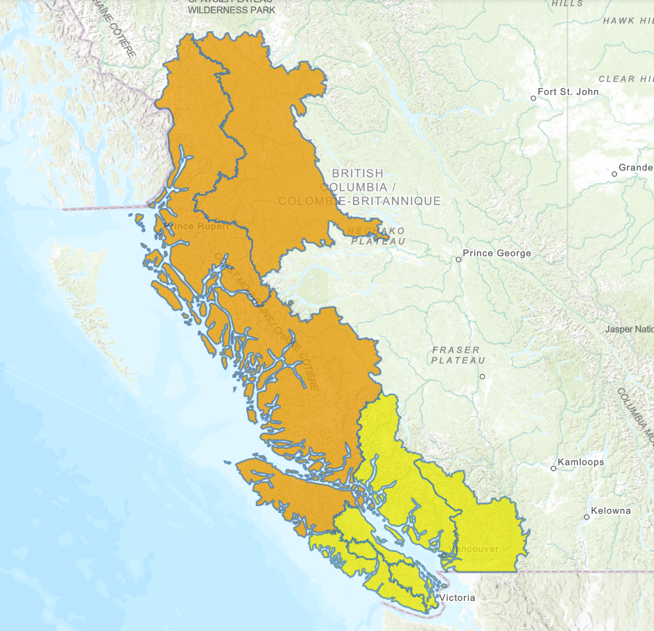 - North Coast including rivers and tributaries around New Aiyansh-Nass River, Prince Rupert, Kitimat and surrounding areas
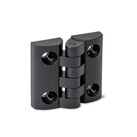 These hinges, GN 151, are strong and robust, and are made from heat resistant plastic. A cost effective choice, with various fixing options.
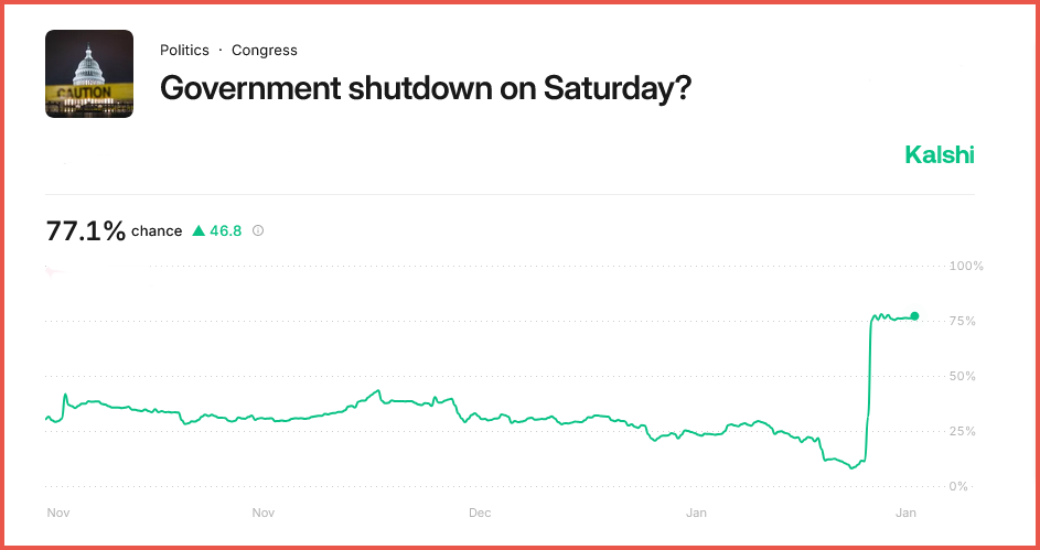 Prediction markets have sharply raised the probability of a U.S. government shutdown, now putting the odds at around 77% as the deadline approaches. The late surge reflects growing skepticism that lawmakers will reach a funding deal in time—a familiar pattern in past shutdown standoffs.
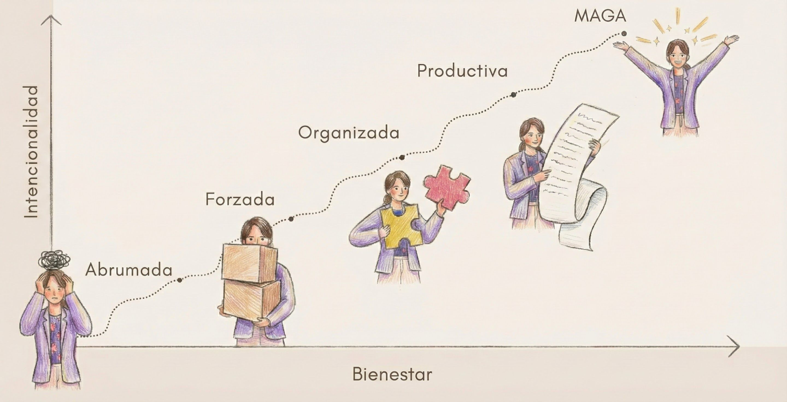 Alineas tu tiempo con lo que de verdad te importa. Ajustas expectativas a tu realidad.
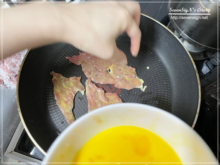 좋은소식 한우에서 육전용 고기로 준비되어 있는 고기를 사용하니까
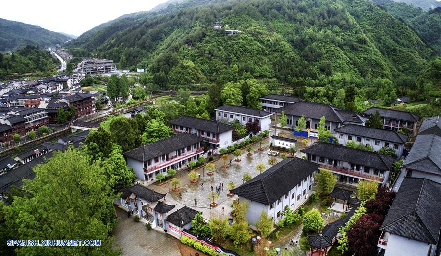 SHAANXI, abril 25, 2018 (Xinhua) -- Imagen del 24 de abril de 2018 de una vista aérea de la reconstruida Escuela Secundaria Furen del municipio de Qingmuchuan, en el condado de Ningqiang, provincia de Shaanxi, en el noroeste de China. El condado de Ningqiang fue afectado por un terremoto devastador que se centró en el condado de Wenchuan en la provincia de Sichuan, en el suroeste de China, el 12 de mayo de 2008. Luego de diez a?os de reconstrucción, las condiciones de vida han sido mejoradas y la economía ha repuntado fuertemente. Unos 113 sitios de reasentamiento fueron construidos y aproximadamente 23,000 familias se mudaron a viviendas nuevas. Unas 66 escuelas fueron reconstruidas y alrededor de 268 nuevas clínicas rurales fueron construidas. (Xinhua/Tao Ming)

* * *

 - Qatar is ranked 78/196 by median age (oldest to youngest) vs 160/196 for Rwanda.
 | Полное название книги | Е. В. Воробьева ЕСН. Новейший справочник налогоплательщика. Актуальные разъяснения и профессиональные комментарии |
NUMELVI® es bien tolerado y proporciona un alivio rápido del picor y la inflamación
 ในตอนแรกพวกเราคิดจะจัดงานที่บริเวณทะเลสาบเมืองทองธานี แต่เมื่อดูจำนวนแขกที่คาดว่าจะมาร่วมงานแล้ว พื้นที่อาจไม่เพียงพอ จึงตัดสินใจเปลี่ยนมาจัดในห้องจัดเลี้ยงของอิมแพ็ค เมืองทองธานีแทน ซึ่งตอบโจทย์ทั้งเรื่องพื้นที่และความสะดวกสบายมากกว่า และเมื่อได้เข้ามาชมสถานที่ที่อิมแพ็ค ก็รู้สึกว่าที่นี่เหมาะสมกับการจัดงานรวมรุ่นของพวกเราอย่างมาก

**Exercise instructions**
The material above holds pictures; leave them out and set down exactly the lines from the line with "These hinges, GN" to the line with "Alineas tu tiempo", both included.

**Task result**
 These hinges, GN 151, are strong and robust, and are made from heat resistant plastic. A cost effective choice, with various fixing options.
 Prediction markets have sharply raised the probability of a U.S. government shutdown, now putting the odds at around 77% as the deadline approaches. The late surge reflects growing skepticism that lawmakers will reach a funding deal in time—a familiar pattern in past shutdown standoffs.
 Alineas tu tiempo con lo que de verdad te importa. Ajustas expectativas a tu realidad.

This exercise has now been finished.